Added tests for epi_dfs.
epiprocess 0.1.0
Implemented core functionality, vignettes
Classes:
epi_df: specialized tbl_df for geotemporal epidemiological time series data, with optional metadata recording other key columns (e.g., demographic breakdowns) and as_of what time/version this data was current/published. Associated functions:
as_epi_df converts to an epi_df, guessing the geo_type, time_type, other_keys, and as_of if not specified.
as_epi_df.tbl_ts and as_tsibble.epi_df automatically set other_keys and key&index, respectively.
epi_slide applies a user-supplied computation to a sliding/rolling time window and user-specified groups, adding the results as new columns, and recycling/broadcasting results to keep the result size stable. Allows computation to be provided as a function, purrr-style formula, or tidyeval dots. Uses slider underneath for efficiency.
epi_cor calculates Pearson, Kendall, or Spearman correlations between two (optionally time-shifted) variables in an epi_df within user-specified groups.

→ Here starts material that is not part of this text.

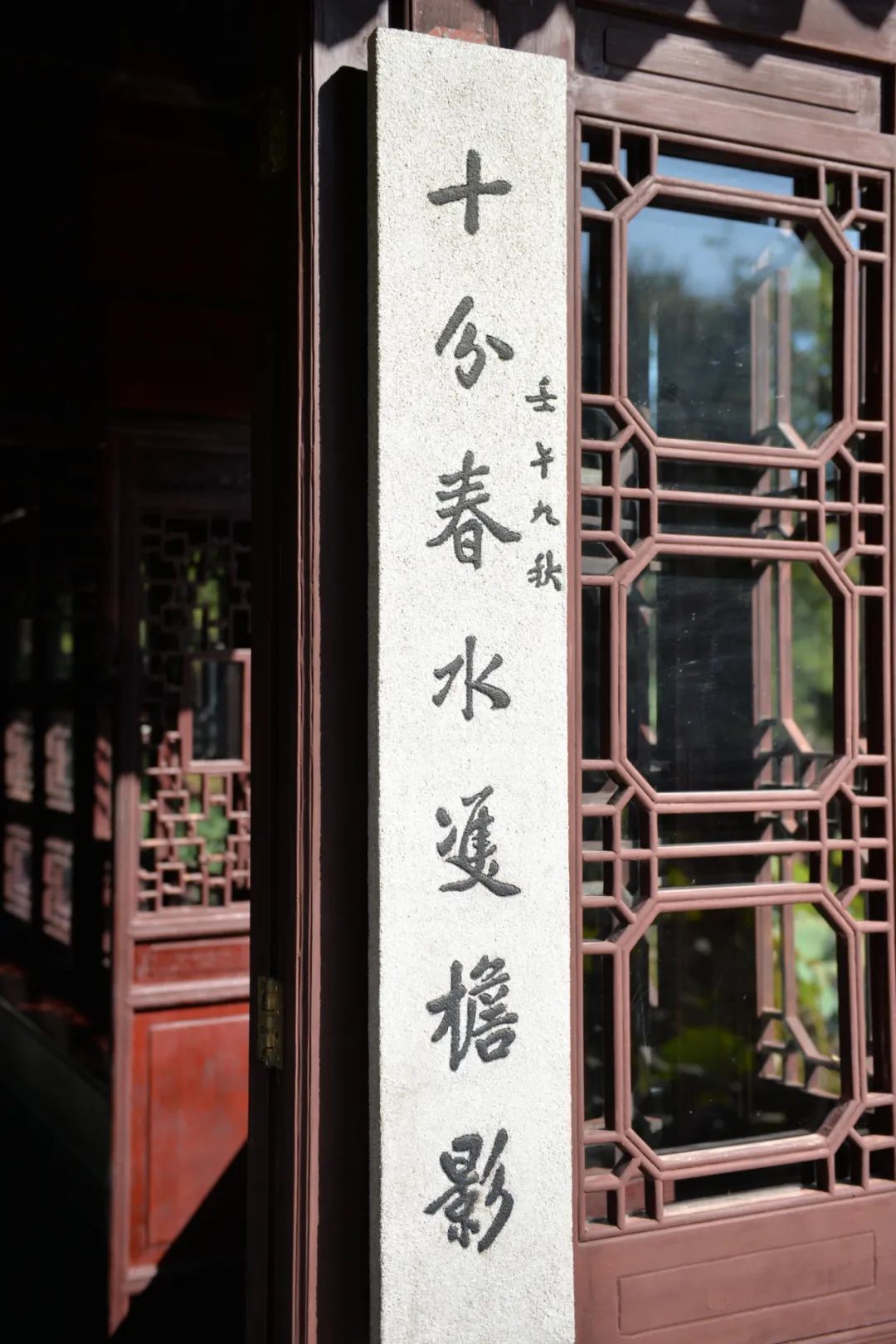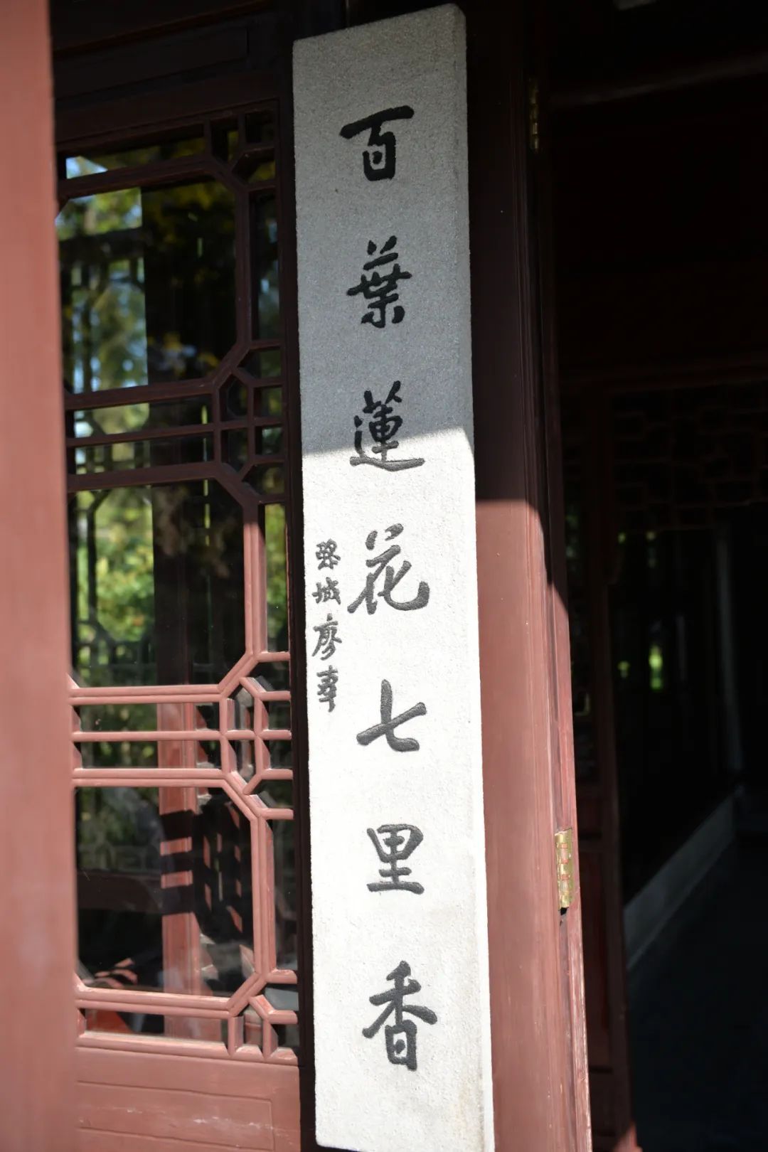 (“十分春水双檐影,百叶莲花七里香”,不系舟楹联,清光绪八年进士廖寿丰书)

Convenience function: is_epi_df.
epi_archive: R6 class for version (patch) data for geotemporal epidemiological time series data sets. Comes with S3 methods and regular functions that wrap around this functionality for those unfamiliar with R6 methods. Associated functions:
as_epi_archive: prepares an epi_archive object from a data frame containing snapshots and/or patch data for every available version of the data set.
as_of: extracts a snapshot of the data set as of some requested version, in epi_df format.
epix_slide, <epi_archive>$slide: similar to epi_slide, but for epi_archives; for each requested ref_time_value and group, applies a time window and user-specified computation to a snapshot of the data as of ref_time_value.
epix_merge, <epi_archive>$merge: like merge for epi_archives, but allowing for the last version of each observation to be carried forward to fill in gaps in x or y.
Convenience function: is_epi_archive.
Additional functions:
growth_rate: estimates growth rate of a time series using one of a few built-in methods based on relative change, linear regression, smoothing splines, or trend filtering.
detect_outlr: applies one or more outlier detection methods to a given signal variable, and optionally aggregates the outputs to create a consensus result.
detect_outlr_rm: outlier detection function based on a rolling-median-based outlier detection function; one of the methods included in detect_outlr.
detect_outlr_stl: outlier detection function based on a seasonal-trend decomposition using LOESS (STL); one of the methods included in detect_outlr.